Vulnerability Analysis
The extensive networking of a company’s IT infrastructure results in numerous risks. In particular, the IT systems exposed on the Internet are continually subjected to attacks, which are largely automated and untargeted. But IT systems in the internal network can also be exposed to attack attempts, for example by your own employees or by attackers who have already gained access to the internal network through a previous attack. The threats range from data theft by internal perpetrators or external intruders to infection with malware. It is therefore of central importance to identify potential vulnerabilities in externally accessible IT systems as well as in internal systems that attackers can use as an entry point for further attacks. This can be achieved with a Vulnerability Analysis.
Objective
Broad analysis of IT systems with a high degree of coverage to identify vulnerabilities that can serve as entry points for further attacks
Question
At which points could attackers start and how high is the risk from existing vulnerabilities?
Scope
All IT systems and components in a defined IP address range
Process
With the Vulnerability Analysis we offer you a broad and comprehensive examination of all your IT systems within a defined area with regard to existing security weaknesses. The focus here is on the highest possible degree of coverage, to identify initial attack vectors and vulnerabilities on your IT systems. The assessment is based on automated scans, the results of which are then subjected to a manual risk analysis and assessment. It is also possible to verify critical vulnerabilities through direct attack attempts. In more complex IT environments, the assessment is realized in teams of two people.
Components
A Vulnerability Analysis includes the following aspects:
- Enumeration (recording) of accessible external and/or internal IT systems and services
- Automated vulnerability scan with specific software tools
- Manual analysis and evaluation of results to identify attackable vulnerabilities and security gaps
- Manual verification of detected security vulnerabilities via direct attacks (where sensible and upon consultation)
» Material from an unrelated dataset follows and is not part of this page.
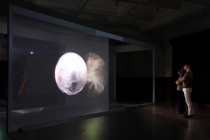 인간과 기계를 상징하는 두 개의 스크린에서는 이질적인 요소들이 생성되고 얽혀 하나의 공동체를 형성하는 과정을 다각도로 감상할 수 있다.
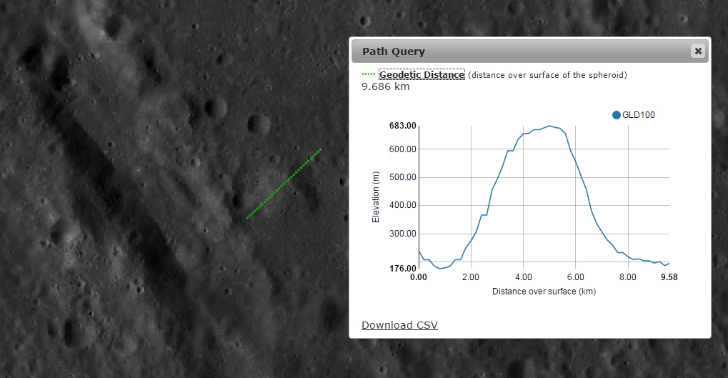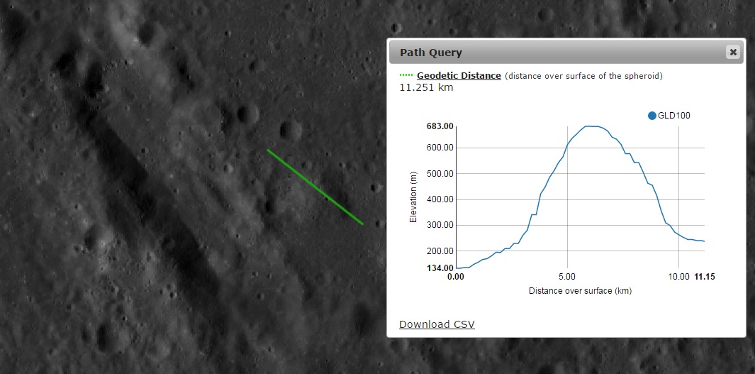 Imagem: O perfil longitudinal do Domo Vulcânico Gyldén 1 - LRO QuickMap.

- Further aspects may be included in the assessment such as: separation of the LAN from external networks with several positions of trust (WAN connection of company branches, WAN connection of external partners, etc.), security aspects of the internal network segmentation (VLAN, etc.), quality of the system administration (patch management, password management, etc.)
Test and attack scenarios will be discussed with the system supervisor during the assessment and may be adjusted if required.
Result
As a result of the assessment we will provide a detailed report including the following parts:
- Management summary with a description of the results and the security level
- Description of the project approach, scope, schedule and methodology
- Description of the applied methodology and any identified vulnerabilities
- Detailed description of identified vulnerabilities in order to understand underlying issues and to enable reconstruction of possible attacks
- Risk assessment of identified vulnerabilities taking into account the IT environment or the application context (risk classification: low, medium, high, critical)
- Description of measures to remedy the vulnerabilities
- If necessary, a description of higher-level strategy, concept and process-related measures or optimization suggestions.
Differences to a Penetration Test
In contrast to the targeted approach of a penetration test , the focus of the vulnerability analysis is on the broadest and most comprehensive examination possible. The vulnerability analysis is based on the results of automated scans which are then subjected to manual risk analyses and assessments.
The exploitation of multiple subsequent vulnerabilities (post exploitation) as it is used in a penetration test in order to penetrate as far as possible into an infrastructure or an IT system, however, is not part of the vulnerability analysis.